Mr Nichol said his parents had been watching a band practice near the war memorial at Cotton Tree on April 21, 1984, when a girl got into trouble in the adjacent Maroochy River.

"No one was going to help her so dad did. He got her back in and then had a massive heart attack and died," Mr Nichol said.

Mr Nichol, then 32 and an army reservist, was asked to take his father's place in the parade.

Grief at the time and the passing of the years have rendered his memory of the occasion hazy.

"I can't really remember it. Because of my army training, I can remember calling everyone to attention," he said.

Mr Nichol said his father was simply a good man who did the right thing.

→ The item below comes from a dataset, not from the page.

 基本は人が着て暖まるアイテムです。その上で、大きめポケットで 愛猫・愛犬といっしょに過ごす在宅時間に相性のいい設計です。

"He was a good family man. He had a lot of friends. He was always happy and cheerful, always having friends around for a beer and a barbecue," he said.

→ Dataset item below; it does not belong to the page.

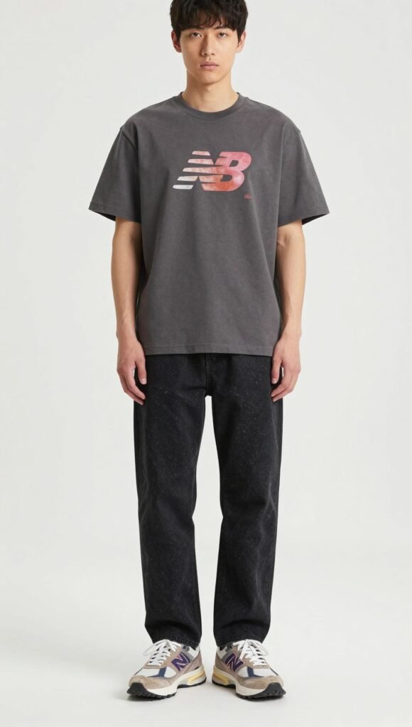 Go black tee, black cargos, and black 9060, but mix ribbed, matte, and woven finishes. Ninja, but stylish.

He is disappointed his father's actions on the day were never recognised with a bravery medal.

He has no idea what became of the girl that was saved, who he thinks was about 10 at the time.

"I hope she reads this," he said.

Mr Nichol, who lives at Moffat Beach, still marches in the same parade every year for his father, and for his grandfather, Bill, who was in the First World War.

He wears the medals of both men and one of his own, which often draws attention because few collections bear the heads of three monarchs - King George V, King Edward VIII, and Queen Elizabeth II.

He has marched for 42 years, the first 10 as an army reservist while his father was still alive.

"I've done 42 marches and hopefully, I'll make it to 50," he said.